On 1/3/07, Suzanne Burns <queenmouse at gmail.com> wrote:
>
>
>
> On 1/2/07, JforJames at aol.com <JforJames at aol.com> wrote:
> >
> >
> > So does poetry have a social function? If so, why? If not, why
> > not?
> >
>
>
> My first thought was to be a terrible wise-ass in reply "Well Jim,
> considering how many young swains use poetry as a way to get laid...."

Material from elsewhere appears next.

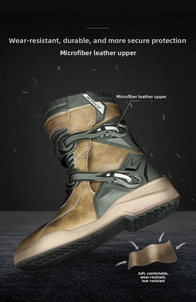 SCOYCO Motorcycle Riding Boots Motorcycle Tour Boots Waterporoof Rally Shoes Four Seasons Men Ankle TPU Protections EU 39-46
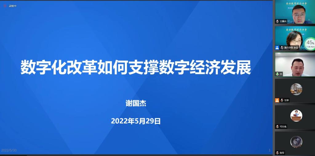 5月30日晚,嘉兴学院金年会诚信信誉至上、嘉兴市经济学会、嘉兴市高层次人才联谊会以线上会议形式联合举办第1期“南湖数字经济讲堂”。数字浙江技术运营有限公司项目总监、解决方案架构师、省重点实验室方向负责人谢国杰先生应邀作学术报告,金年会诚信信誉至上副院长李亚主持,我校多名师生参与了线上研讨。

> Seriously: do we not hear the clinking of ice in glasses as yonder poetry
> reading? :-)
>
> Then I read the discussion, and thought about it less sardonically.  I
> have to say I really loved Daisy Fried's contribution, especially her
> question (Im paraphrasing) "Why is it that poetry is expected to always do
> more than just be what it is?"
>
> Obviously there are plenty of poets who are deeply social in their
> consciousness, and the role theiy play in a community is a huge part of
> their vision (I'm thinking of Adrienne Rich and Denise Levertov here).  They
> want to change the world.  Are they less as poets because they aren't
> hermits on the mountaintop?  Does being a hermit on the mountaintop have to
> preclude changing the world?
>
> On the other hand, what about Emily Dickinson (everybody's favorite
> recluse)?  I don't see very much that I would call "social" in her work.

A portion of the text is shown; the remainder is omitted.